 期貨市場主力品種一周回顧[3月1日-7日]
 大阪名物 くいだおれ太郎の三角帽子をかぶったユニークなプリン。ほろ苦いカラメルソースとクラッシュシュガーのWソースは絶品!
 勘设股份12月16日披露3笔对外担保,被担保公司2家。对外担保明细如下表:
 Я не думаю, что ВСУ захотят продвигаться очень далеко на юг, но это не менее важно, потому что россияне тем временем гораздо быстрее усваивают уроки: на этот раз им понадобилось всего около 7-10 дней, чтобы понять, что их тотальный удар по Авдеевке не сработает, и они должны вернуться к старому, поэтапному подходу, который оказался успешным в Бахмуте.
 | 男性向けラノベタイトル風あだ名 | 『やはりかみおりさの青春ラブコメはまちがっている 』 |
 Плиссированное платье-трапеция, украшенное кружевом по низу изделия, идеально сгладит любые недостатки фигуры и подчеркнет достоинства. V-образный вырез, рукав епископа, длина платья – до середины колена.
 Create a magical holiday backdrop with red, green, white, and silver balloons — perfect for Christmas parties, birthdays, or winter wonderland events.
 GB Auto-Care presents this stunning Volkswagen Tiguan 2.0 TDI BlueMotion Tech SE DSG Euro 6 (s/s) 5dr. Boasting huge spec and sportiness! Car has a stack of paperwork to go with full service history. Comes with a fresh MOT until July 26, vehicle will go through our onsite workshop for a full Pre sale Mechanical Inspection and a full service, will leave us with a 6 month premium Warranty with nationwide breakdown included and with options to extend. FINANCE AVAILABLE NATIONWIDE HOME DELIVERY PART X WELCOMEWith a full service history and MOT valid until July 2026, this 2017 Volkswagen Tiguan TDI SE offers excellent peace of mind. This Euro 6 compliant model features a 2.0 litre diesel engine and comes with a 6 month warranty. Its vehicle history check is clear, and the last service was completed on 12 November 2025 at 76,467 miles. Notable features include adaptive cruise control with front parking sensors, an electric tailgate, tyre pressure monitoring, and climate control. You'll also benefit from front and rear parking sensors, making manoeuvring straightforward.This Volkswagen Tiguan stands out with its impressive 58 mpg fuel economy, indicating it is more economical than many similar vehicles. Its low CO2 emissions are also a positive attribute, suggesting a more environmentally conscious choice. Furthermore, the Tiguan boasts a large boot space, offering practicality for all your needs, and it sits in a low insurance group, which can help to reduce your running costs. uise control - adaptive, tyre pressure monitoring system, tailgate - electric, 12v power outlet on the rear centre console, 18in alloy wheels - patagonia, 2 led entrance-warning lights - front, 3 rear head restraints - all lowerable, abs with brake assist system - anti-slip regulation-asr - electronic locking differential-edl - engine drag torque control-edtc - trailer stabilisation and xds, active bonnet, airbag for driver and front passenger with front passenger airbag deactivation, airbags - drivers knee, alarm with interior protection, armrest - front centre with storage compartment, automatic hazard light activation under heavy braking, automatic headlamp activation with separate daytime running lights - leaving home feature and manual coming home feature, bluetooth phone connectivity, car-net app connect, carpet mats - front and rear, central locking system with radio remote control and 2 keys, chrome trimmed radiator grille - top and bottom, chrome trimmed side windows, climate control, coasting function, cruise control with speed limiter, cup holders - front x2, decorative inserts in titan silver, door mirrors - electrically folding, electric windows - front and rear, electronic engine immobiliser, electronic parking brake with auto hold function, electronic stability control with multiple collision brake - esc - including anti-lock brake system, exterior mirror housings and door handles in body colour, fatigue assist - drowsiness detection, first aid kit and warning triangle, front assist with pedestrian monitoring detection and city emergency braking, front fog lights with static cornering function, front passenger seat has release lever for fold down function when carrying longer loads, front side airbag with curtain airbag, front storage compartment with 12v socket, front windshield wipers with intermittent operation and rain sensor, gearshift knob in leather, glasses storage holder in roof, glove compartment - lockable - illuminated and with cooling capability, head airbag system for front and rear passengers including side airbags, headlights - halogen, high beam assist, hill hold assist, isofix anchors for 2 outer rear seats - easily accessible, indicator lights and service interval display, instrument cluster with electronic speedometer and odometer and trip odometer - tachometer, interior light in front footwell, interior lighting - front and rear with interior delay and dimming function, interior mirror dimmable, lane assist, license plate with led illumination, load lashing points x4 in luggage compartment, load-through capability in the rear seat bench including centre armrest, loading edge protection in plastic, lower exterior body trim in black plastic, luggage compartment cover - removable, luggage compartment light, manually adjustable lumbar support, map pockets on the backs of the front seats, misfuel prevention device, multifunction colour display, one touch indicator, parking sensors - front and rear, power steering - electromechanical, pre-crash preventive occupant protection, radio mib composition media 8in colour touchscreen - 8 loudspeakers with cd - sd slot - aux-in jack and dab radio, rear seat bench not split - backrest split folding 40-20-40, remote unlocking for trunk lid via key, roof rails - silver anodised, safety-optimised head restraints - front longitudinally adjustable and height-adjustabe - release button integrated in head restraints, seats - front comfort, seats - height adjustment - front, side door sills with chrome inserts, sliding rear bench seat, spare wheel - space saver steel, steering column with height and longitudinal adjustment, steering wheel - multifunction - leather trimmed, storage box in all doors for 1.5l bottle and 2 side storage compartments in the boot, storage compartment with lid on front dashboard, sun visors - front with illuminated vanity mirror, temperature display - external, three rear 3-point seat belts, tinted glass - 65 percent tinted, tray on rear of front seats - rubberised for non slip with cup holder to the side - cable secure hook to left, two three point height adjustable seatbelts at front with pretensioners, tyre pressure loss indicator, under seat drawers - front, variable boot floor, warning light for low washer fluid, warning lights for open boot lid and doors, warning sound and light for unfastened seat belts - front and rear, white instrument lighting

[EXERCISE REQUIREMENTS]: Word for word, reproduce the lines of the listing from the first one through the line containing "Плиссированное платье-трапеция, украшенное", and no more.

[WRITTEN RESPONSE]:
 期貨市場主力品種一周回顧[3月1日-7日]
 大阪名物 くいだおれ太郎の三角帽子をかぶったユニークなプリン。ほろ苦いカラメルソースとクラッシュシュガーのWソースは絶品!
 勘设股份12月16日披露3笔对外担保,被担保公司2家。对外担保明细如下表:
 Я не думаю, что ВСУ захотят продвигаться очень далеко на юг, но это не менее важно, потому что россияне тем временем гораздо быстрее усваивают уроки: на этот раз им понадобилось всего около 7-10 дней, чтобы понять, что их тотальный удар по Авдеевке не сработает, и они должны вернуться к старому, поэтапному подходу, который оказался успешным в Бахмуте.
 | 男性向けラノベタイトル風あだ名 | 『やはりかみおりさの青春ラブコメはまちがっている 』 |
 Плиссированное платье-трапеция, украшенное кружевом по низу изделия, идеально сгладит любые недостатки фигуры и подчеркнет достоинства. V-образный вырез, рукав епископа, длина платья – до середины колена.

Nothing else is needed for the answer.